To do:
Would you restate each line of the data below word for word, without its pictures?
***
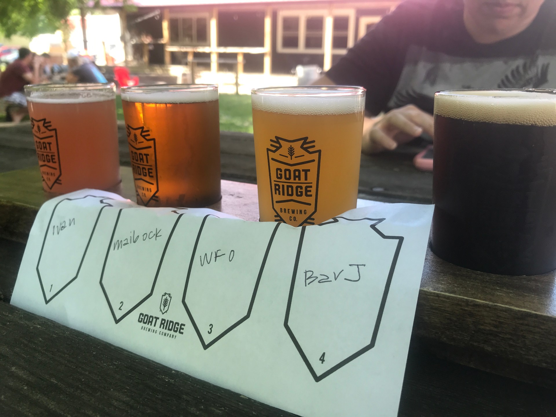 After our visit to Foxhole we headed up the road to New London for a stop at Goat Ridge Brewing. Goat Ridge is built right on the banks of the Middle Fork Crow River, and their back patio sat right along the shore. I ordered up a flight and we picked a table outside, listening to the sounds of the river. The beer was adequate, and not quite as good as Foxhole, but it also didn’t exhibit any particular brewing flaws. I think that if I had done these breweries in the reverse order, I wouldn’t have dinged Goat Ridge at all. For a brewery in a town of 1200 people, it exceeded the expectations.
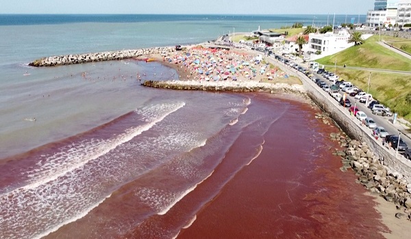 MAR DEL PLATA, 23 Februari- Pantai Mar del Plata di Argentina antara beberapa pantai di pesisir Atlantik yang dilitupi fenomena ‘red tide’ atau air pasang merah akibat pembiakan makroalga secara besar-besaran.
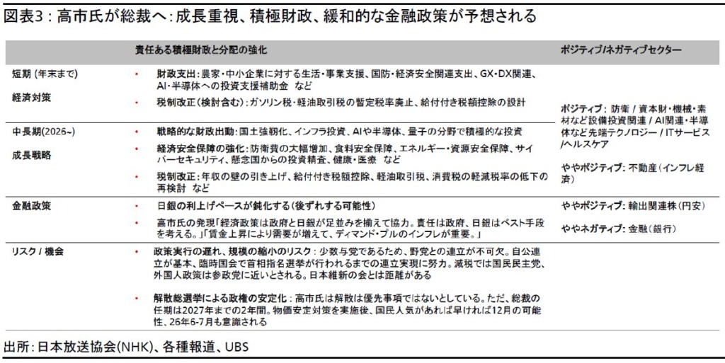 高市早苗新総裁は、減税や景気刺激策、特に先端技術や国家安全保障に関連する分野への投資に注力すると予想している。これらの政策が企業業績を下支えし、来年にかけて生産性の向上を促すだろう。
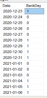 在工作日指导表中,银行日标记为0,工作日标记为1。
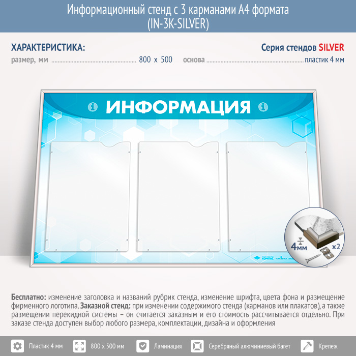Информационный стенд с 3 карманами А4 формата (IN-3K-SILVER) в Ульяновске купить
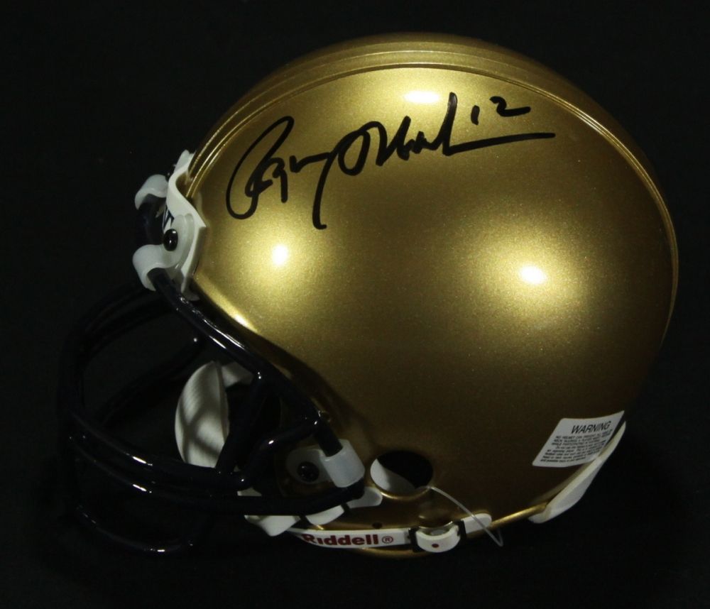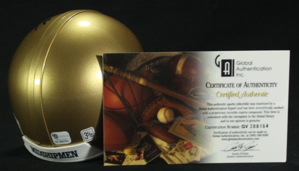 Riddell Navy mini-helmet hand-signed in black felt-tip pen by Roger Staubach (Cowboys HOF). The autograph includes a Global Authentics (GA) hologram and matching COA for authenticity purposes.
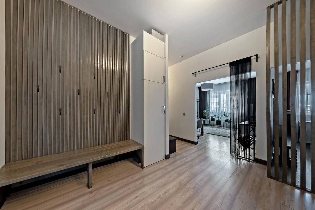 Коридор оснащен встроенной системой хранения вещей и имеет большую площадь - 17,77 кв.м.
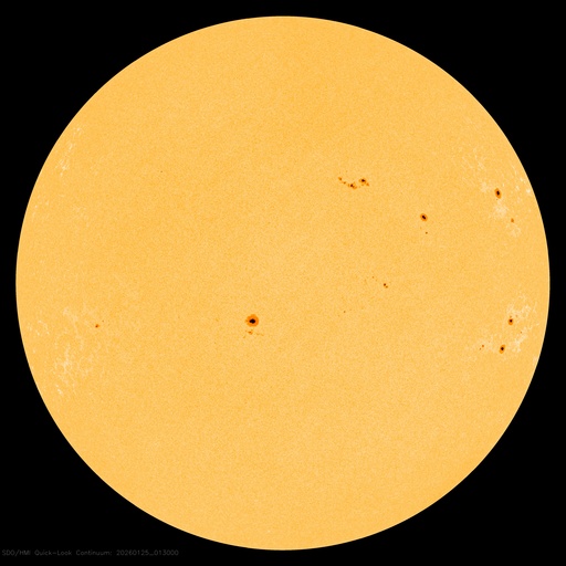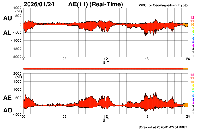 2026/ 1/25 13:17 更新 太陽風は高速の状態が続いています。磁気圏んはやや活動的です。 担当 篠原 太陽風は、500〜550km/秒と高速の状態が続いています。 磁場強度は、6〜7nTと平均的な値で推移しています。 磁場の南北成分は、 南寄りになったり北寄りになったりしています。 磁気圏の活動も、700nT前後の中規模の変化が発生したり、 変化がなくなったりと、強弱が切り替わっています。 SDO衛星AIA193では、 南半球のコロナホールは南西の端(右下)へ進んでいます。 影響は次第に弱まりそうです。 一方、中心部の北側(上側)に小さいコロナホールが見えています。 3日後くらいからこの領域の影響が到来しそうです。 太陽風速度の高まりはどの程度になるでしょうか。 昨日の早い時間帯になりますが、 24日3時(世界時23日18時)頃と、24日7時(世界時23日22時)頃に、 太陽の南東側(左下)へ飛び出すCME(コロナ質量放出)が発生しました。 SOHO衛星LASCO C、C3とGOES衛星CCOR-1の動画を掲載します。 GOES衛星SUVIカメラの動画を見ると、 1つめのCMEは太陽の向こう側で発生した様に思われます。 2つめは南東の端でプロミネンス噴出が発生していて、 GOES衛星SUVI 304の動画を掲載します。 太陽は、C2〜4の小規模フレアが数回発生した程度で、 穏やかな状態です。 ![]() 太陽の南東側で発生した2つのCME. (c) SOHO衛星LASCO C2、C3 (ESA & NASA)、(動画加工 : 宇宙天気ニュース) ![]() GOES衛星による同じCMEの動画。 (c) GOES衛星CCOR-1 (NOAA)、(動画加工 : 宇宙天気ニュース) ![]() 2つめのCMEの頃に発生したプロミネンス噴出。 (c) GOES衛星SUVI 304 (NOAA)、(動画加工 : 宇宙天気ニュース) ![]() SDO衛星のAIA193カメラによる太陽コロナの様子 (c) SDO (NASA) ![]() SDO衛星による太陽の可視光写真。マウスの矢印を写真に重ねると、黒点番号付きの写真に切り替わります。 (c) SDO (NASA) ![]() ACEが観測した太陽風の磁場(黒線は全体の強度、赤線は南北成分) 磁場の向き、プラズマの密度、速度、温度 (c) データ:NOAA/SWPC、作図:宇宙天気ニュース ![]() AE指数(速報値) 下段のAEグラフの値が高くなると、オーロラ活動が活発化しています。 (c) 京都大学WDC ![]() ![]() 27日の太陽周期に合わせた図 太陽が同じ面を地球に向けていた27日前の変化から、今後を予想することができます。 (c) 作図:宇宙天気ニュース
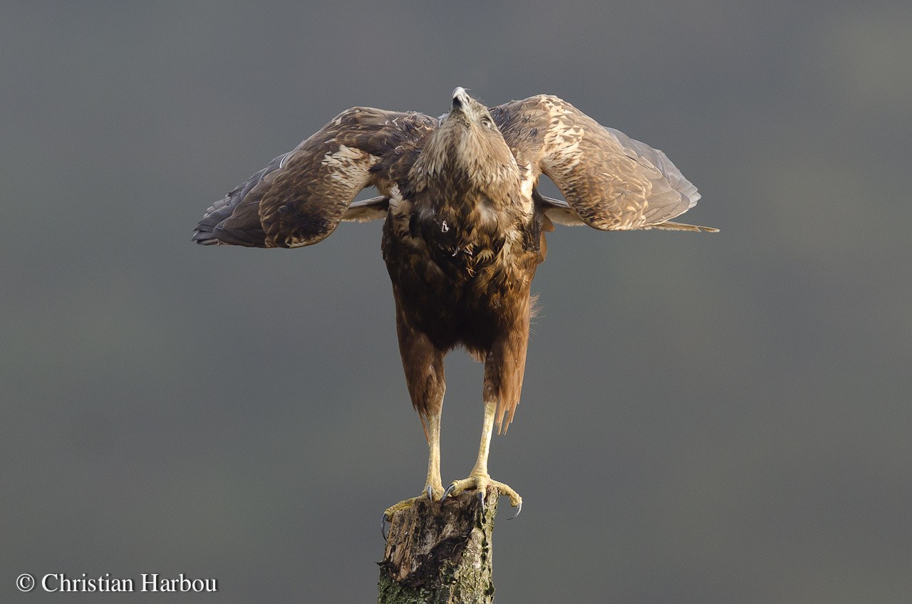 Beskrivelse: Der er gjort klar til landing, men herren vælger i denne omgang at flyve over.
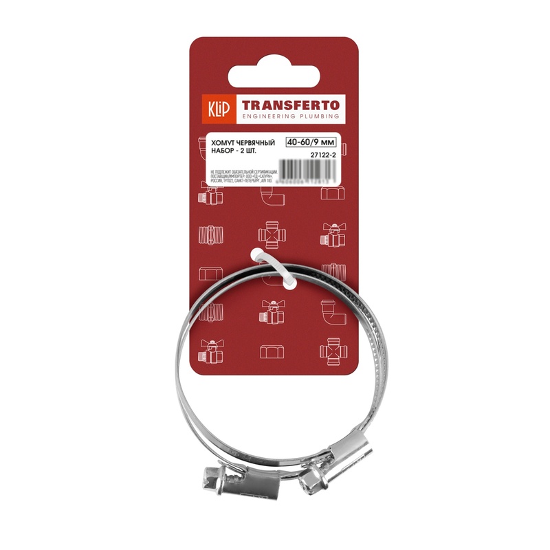 Набор хомутов червячных Klip 27122-2, 40-60/9 мм (2 шт)
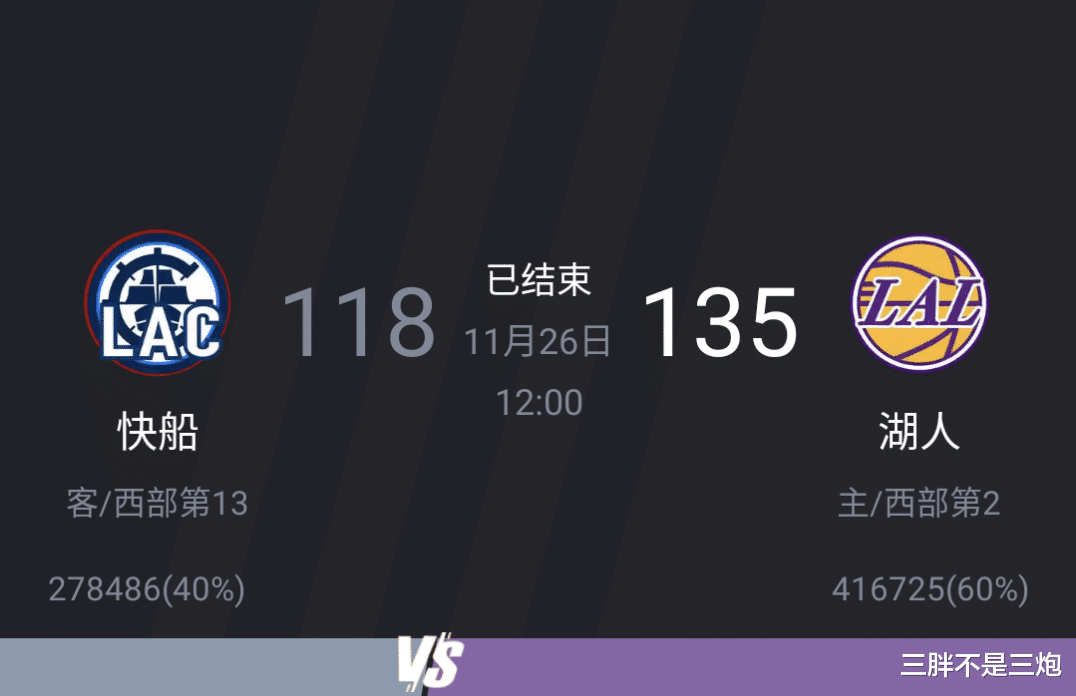 洛杉矶快船118:135 洛杉矶湖人(NBA杯西部B组小组赛)
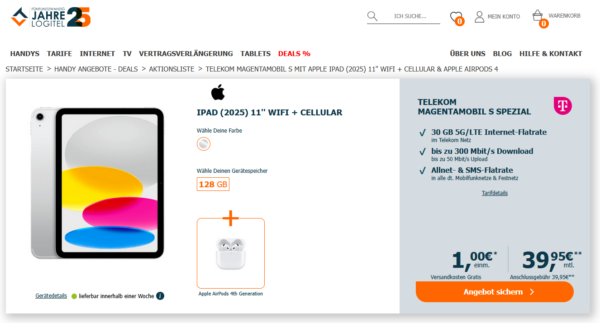 Ihr erhaltet dort nämlich den Telekom MagentaMobil S mit Apple iPad 2025 11“ WiFi + Cellular & Apple AirPods 4 für 39,95€/Monat.
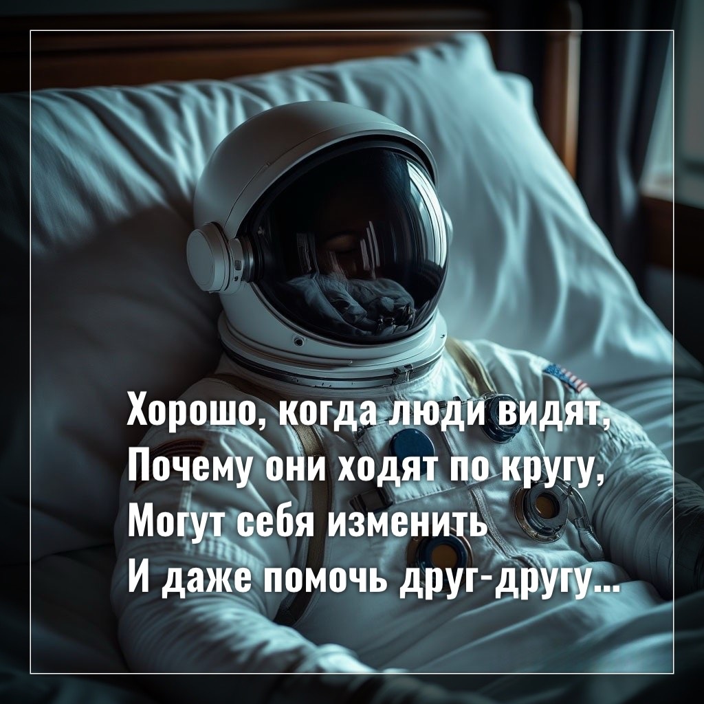Хорошо, когда люди видят, Почему они ходят по кругу, Могут себя изменить И даже помочь друг-другу, А если не то, что не видят, А не хотят даже знать, Просто себя плохо чувствуют, Продолжая весь мир проклинать? Даются тогда ситуации, Которые «тело» встряхнут, В котором Душа давно плачет, А ноги совсем не идут. Но не каждый поймёт для чего Потеря дана, болезнь, Не каждый задуматься сможет, Кем создан мир весь И для чего пришли На Землю эту «страдать», Много ещё Душ спит, Как бы им жизнь не проспать…
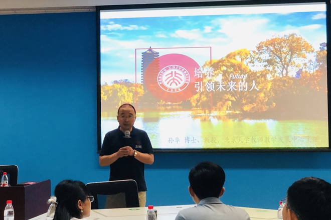 本次研修特邀北京大学教师教学发展中心主任、中国埃德加斯诺研究中心主任孙华,北京理工大学教学促进与教师发展研究中心主任、高校教学发展联盟(CHED)常务理事庞海芍,首批国家级混合式一流课程负责人、北京大学生命科学学院副院长顾红雅,国家级一流在线开放课程主讲人北京大学冯菲,国家级课程思政示范课、中央民族大学教育学院副院长江凤娟,北京理工大学高筱卉等,分别围绕“培养引领未来的人—北大本科教育改革的探索与实践”“教学学术和以学生为中心的国家教学成果培育”“混合式一流课程的建设与申报”“MOOC-Inside混合式教学全流程设计”“课程思政与当今大学的课程重构”“SOTL是什么、怎么做”等主题进行授课。我校教学评估与教师卓越中心与北京理工大学教师教学促进与教师发展中心围绕教师教学发展等议题进行了工作交流。为庆祝建党100周年,此次研修活动专题设置了党史学习环节,全体参培教师集中参观了国家博物馆和北大百年讲堂,从党的百年伟大奋斗历程中汲取继续前进的智慧和力量。参培教师普遍反馈,此次研修活动设计丰富,学习内容充实,既是一场难得的教学启发之旅,也是一堂生动的党史学习教育课。
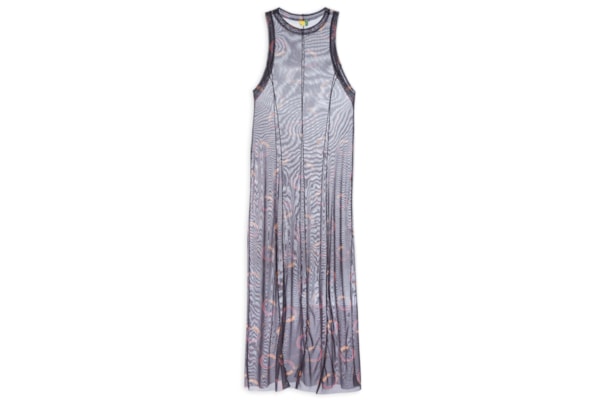O vestido preto é confeccionado em tecido leve com baixa elasticidade. A peça justa no busto e solta no corpo possui decote coração, alças finas reguláveis, busto com recortes frontais com detalhes de drapeado e aro embutido para sustentação, recortes frontais e posteriores com detalhes de franzidos na altura da cintura, recorte posterior com lastex embutido, estampa geométrica em cores contrastantes e comprimento longo.
***
Completed task:
 After our visit to Foxhole we headed up the road to New London for a stop at Goat Ridge Brewing. Goat Ridge is built right on the banks of the Middle Fork Crow River, and their back patio sat right along the shore. I ordered up a flight and we picked a table outside, listening to the sounds of the river. The beer was adequate, and not quite as good as Foxhole, but it also didn’t exhibit any particular brewing flaws. I think that if I had done these breweries in the reverse order, I wouldn’t have dinged Goat Ridge at all. For a brewery in a town of 1200 people, it exceeded the expectations.
 MAR DEL PLATA, 23 Februari- Pantai Mar del Plata di Argentina antara beberapa pantai di pesisir Atlantik yang dilitupi fenomena ‘red tide’ atau air pasang merah akibat pembiakan makroalga secara besar-besaran.
 高市早苗新総裁は、減税や景気刺激策、特に先端技術や国家安全保障に関連する分野への投資に注力すると予想している。これらの政策が企業業績を下支えし、来年にかけて生産性の向上を促すだろう。
 在工作日指导表中,银行日标记为0,工作日标记为1。
Информационный стенд с 3 карманами А4 формата (IN-3K-SILVER) в Ульяновске купить
 Riddell Navy mini-helmet hand-signed in black felt-tip pen by Roger Staubach (Cowboys HOF). The autograph includes a Global Authentics (GA) hologram and matching COA for authenticity purposes.
 Коридор оснащен встроенной системой хранения вещей и имеет большую площадь - 17,77 кв.м.
 2026/ 1/25 13:17 更新 太陽風は高速の状態が続いています。磁気圏んはやや活動的です。 担当 篠原 太陽風は、500〜550km/秒と高速の状態が続いています。 磁場強度は、6〜7nTと平均的な値で推移しています。 磁場の南北成分は、 南寄りになったり北寄りになったりしています。 磁気圏の活動も、700nT前後の中規模の変化が発生したり、 変化がなくなったりと、強弱が切り替わっています。 SDO衛星AIA193では、 南半球のコロナホールは南西の端(右下)へ進んでいます。 影響は次第に弱まりそうです。 一方、中心部の北側(上側)に小さいコロナホールが見えています。 3日後くらいからこの領域の影響が到来しそうです。 太陽風速度の高まりはどの程度になるでしょうか。 昨日の早い時間帯になりますが、 24日3時(世界時23日18時)頃と、24日7時(世界時23日22時)頃に、 太陽の南東側(左下)へ飛び出すCME(コロナ質量放出)が発生しました。 SOHO衛星LASCO C、C3とGOES衛星CCOR-1の動画を掲載します。 GOES衛星SUVIカメラの動画を見ると、 1つめのCMEは太陽の向こう側で発生した様に思われます。 2つめは南東の端でプロミネンス噴出が発生していて、 GOES衛星SUVI 304の動画を掲載します。 太陽は、C2〜4の小規模フレアが数回発生した程度で、 穏やかな状態です。 ![]() 太陽の南東側で発生した2つのCME. (c) SOHO衛星LASCO C2、C3 (ESA & NASA)、(動画加工 : 宇宙天気ニュース) ![]() GOES衛星による同じCMEの動画。 (c) GOES衛星CCOR-1 (NOAA)、(動画加工 : 宇宙天気ニュース) ![]() 2つめのCMEの頃に発生したプロミネンス噴出。 (c) GOES衛星SUVI 304 (NOAA)、(動画加工 : 宇宙天気ニュース) ![]() SDO衛星のAIA193カメラによる太陽コロナの様子 (c) SDO (NASA) ![]() SDO衛星による太陽の可視光写真。マウスの矢印を写真に重ねると、黒点番号付きの写真に切り替わります。 (c) SDO (NASA) ![]() ACEが観測した太陽風の磁場(黒線は全体の強度、赤線は南北成分) 磁場の向き、プラズマの密度、速度、温度 (c) データ:NOAA/SWPC、作図:宇宙天気ニュース ![]() AE指数(速報値) 下段のAEグラフの値が高くなると、オーロラ活動が活発化しています。 (c) 京都大学WDC ![]() ![]() 27日の太陽周期に合わせた図 太陽が同じ面を地球に向けていた27日前の変化から、今後を予想することができます。 (c) 作図:宇宙天気ニュース
 Beskrivelse: Der er gjort klar til landing, men herren vælger i denne omgang at flyve over.
 Набор хомутов червячных Klip 27122-2, 40-60/9 мм (2 шт)
 洛杉矶快船118:135 洛杉矶湖人(NBA杯西部B组小组赛)
 Ihr erhaltet dort nämlich den Telekom MagentaMobil S mit Apple iPad 2025 11“ WiFi + Cellular & Apple AirPods 4 für 39,95€/Monat.
Хорошо, когда люди видят, Почему они ходят по кругу, Могут себя изменить И даже помочь друг-другу, А если не то, что не видят, А не хотят даже знать, Просто себя плохо чувствуют, Продолжая весь мир проклинать? Даются тогда ситуации, Которые «тело» встряхнут, В котором Душа давно плачет, А ноги совсем не идут. Но не каждый поймёт для чего Потеря дана, болезнь, Не каждый задуматься сможет, Кем создан мир весь И для чего пришли На Землю эту «страдать», Много ещё Душ спит, Как бы им жизнь не проспать…
 本次研修特邀北京大学教师教学发展中心主任、中国埃德加斯诺研究中心主任孙华,北京理工大学教学促进与教师发展研究中心主任、高校教学发展联盟(CHED)常务理事庞海芍,首批国家级混合式一流课程负责人、北京大学生命科学学院副院长顾红雅,国家级一流在线开放课程主讲人北京大学冯菲,国家级课程思政示范课、中央民族大学教育学院副院长江凤娟,北京理工大学高筱卉等,分别围绕“培养引领未来的人—北大本科教育改革的探索与实践”“教学学术和以学生为中心的国家教学成果培育”“混合式一流课程的建设与申报”“MOOC-Inside混合式教学全流程设计”“课程思政与当今大学的课程重构”“SOTL是什么、怎么做”等主题进行授课。我校教学评估与教师卓越中心与北京理工大学教师教学促进与教师发展中心围绕教师教学发展等议题进行了工作交流。为庆祝建党100周年,此次研修活动专题设置了党史学习环节,全体参培教师集中参观了国家博物馆和北大百年讲堂,从党的百年伟大奋斗历程中汲取继续前进的智慧和力量。参培教师普遍反馈,此次研修活动设计丰富,学习内容充实,既是一场难得的教学启发之旅,也是一堂生动的党史学习教育课。
O vestido preto é confeccionado em tecido leve com baixa elasticidade. A peça justa no busto e solta no corpo possui decote coração, alças finas reguláveis, busto com recortes frontais com detalhes de drapeado e aro embutido para sustentação, recortes frontais e posteriores com detalhes de franzidos na altura da cintura, recorte posterior com lastex embutido, estampa geométrica em cores contrastantes e comprimento longo.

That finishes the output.